This essay compares William Faulkner's "A Rose for Emily" (1930) and Charlotte Perkins Gilman's "The Yellow Wallpaper" (1892), two short stories that illuminate the experiences of women in their respective historical moments in the United States. The paper examines how each author uses symbolism — particularly the house as a recurring motif — as well as differing narrative perspectives and structural techniques to portray female suffering and societal constraint. While Faulkner employs third-person narration, rich description, and foreshadowing, Gilman uses first-person interiority and fragmented prose to draw readers into a character's mental breakdown. Both stories ultimately depict women trapped by social expectations, escaping only through death or madness.
"A Rose for Emily" by William Faulkner (1930) and "The Yellow Wallpaper" by Charlotte Perkins Gilman (1892) are both intimate stories about women living in their particular times in the United States. Both provide genuine insights into what it was like to be female during these historic periods. However, the styles of the two authors make the stories very different in their approach and effect on the reader.
"A Rose for Emily," told in five separate sections, is rich with the descriptions, plot structures, and mood that made Faulkner such a dynamic and memorable writer. After only a few lines, the reader is transported into that period and place. For example, when reading the second paragraph, one can easily imagine the look and style of the house:
"It was a big, squarish frame house that had once been white, decorated with cupolas and spires and scrolled balconies in the heavily lightsome style of the seventies, set on what had once been our most select street. But garages and cotton gins had encroached and obliterated even the august names of that neighborhood; only Miss Emily's house was left, lifting its stubborn and coquettish decay above the cotton wagons and the gasoline pumps — an eyesore among eyesores."
Yet Faulkner goes beyond describing the house by itself. He uses symbolic writing to compare the house with its owner, as if they had become one — which, ironically, they had. Although a "slender woman in white" who held her head high and proud when young, Emily later grew fat, gray-haired, and old. Like her house, she is aged, graying, and decayed.
Even the "rose" in the title carries a number of symbolic meanings. In its prime, the rose is a wondrous sight; however, it does not last long but shrivels up and soon loses its fragrance and beauty. It is also a symbol of love, which, in this story, also withers and dies. During the Middle Ages, the rose was a symbol of martyrdom — another way to interpret Emily's life. A rose is also something placed on a grave, a foreshadowing of what is to come, which is another of Faulkner's literary techniques.
A third-person narrator tells the story through a series of flashbacks and moments of foreshadowing. Throughout the tale, this storyteller moves back and forth through events in the tragic life of Emily Grierson and her town. The pieces of the story are interwoven, just as Emily's life is interwoven with the lives of the townspeople.
Finally, there is Faulkner's ability to create mood in so few words — in the case of the ending, just a strand of hair. Who cannot feel sorrow, pity, and yet disgust for Emily? "Then we noticed that in the second pillow was the indentation of a head. One of us lifted something from it, and leaning forward, that faint and invisible dust dry and acrid in the nostrils, we saw a long strand of iron-gray hair."

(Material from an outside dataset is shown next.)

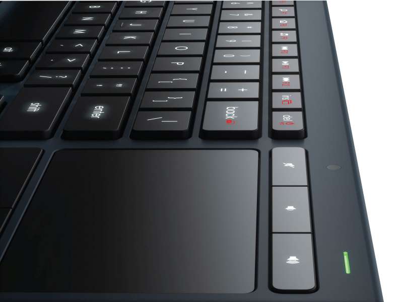 Und da ist nun mal eine Tastatur zur Texteingabe ungemein komfortabel. Logitech hat mit der Illuminated Keyboard K830 für genau diesen Einsatzzweck eine neue Tastatur im Angebot, welche wie der Name andeutet Tasten mit Hintergrundbeleuchtung besitzt. Neben den separaten Medientasten ist das Trackpad inklusive Maustasten eine weitere Besonderheit der Logitech Illuminated Keyboard K830. Bis zu 10 Meter weit reicht die Funkverbindung über den Unifying-Empfänger von Logitech, die auf dem 2,4-GHz-Band funktioniert. Die Beleuchtung der Tasten schaltet sich automatisch nach etwa 5 Sekunden aus und kann sich von der Intensität her dem Umgebungslicht anpassen, was für ein angenehmes schreiben selbst im abendlich-dunklen Wohnzimmer sorgen dürfte.

"The Yellow Wallpaper" is another story about what is expected of women. Both stories show the suffering of women because of the way they are treated — indeed, mistreated and victimized — for wanting a different life than the prescribed norm. In Gilman's story, the narrator, a new mother, is told to abandon her writing and intellectualism. She does not even have an identity of her own, remaining nameless throughout.
Whereas Faulkner moves his story forward with detailed description and third-person narration, Gilman carries the reader into the action through ongoing first-person thoughts and comments. Readers learn about Emily through the eyes of a narrator and the townspeople; they learn about Gilman's character directly from her own thoughts and fantasies. By the end of the story, the reader is inside her mind, feeling her mental breakdown, obsession, and fight against insanity.
"Houses as protection versus confinement in both stories"
"Fragmented prose mirrors narrator's deteriorating mind"
"What is the matter?" he cried. "For God's sake, what are you doing!"
I kept on creeping just the same, but I looked at him over my shoulder.
"I've got out at last," said I, "in spite of you and Jane. And I've pulled off most of the paper, so you can't put me back!"
Now why should that man have fainted? But he did, and right across my path by the wall, so that I had to creep over him every time!
Both women have finally escaped — one through Gothic death and the other through madness. Together, these two stories stand as powerful literary testaments to the social constraints imposed on women in nineteenth- and early twentieth-century America, and to the devastating personal costs of those constraints.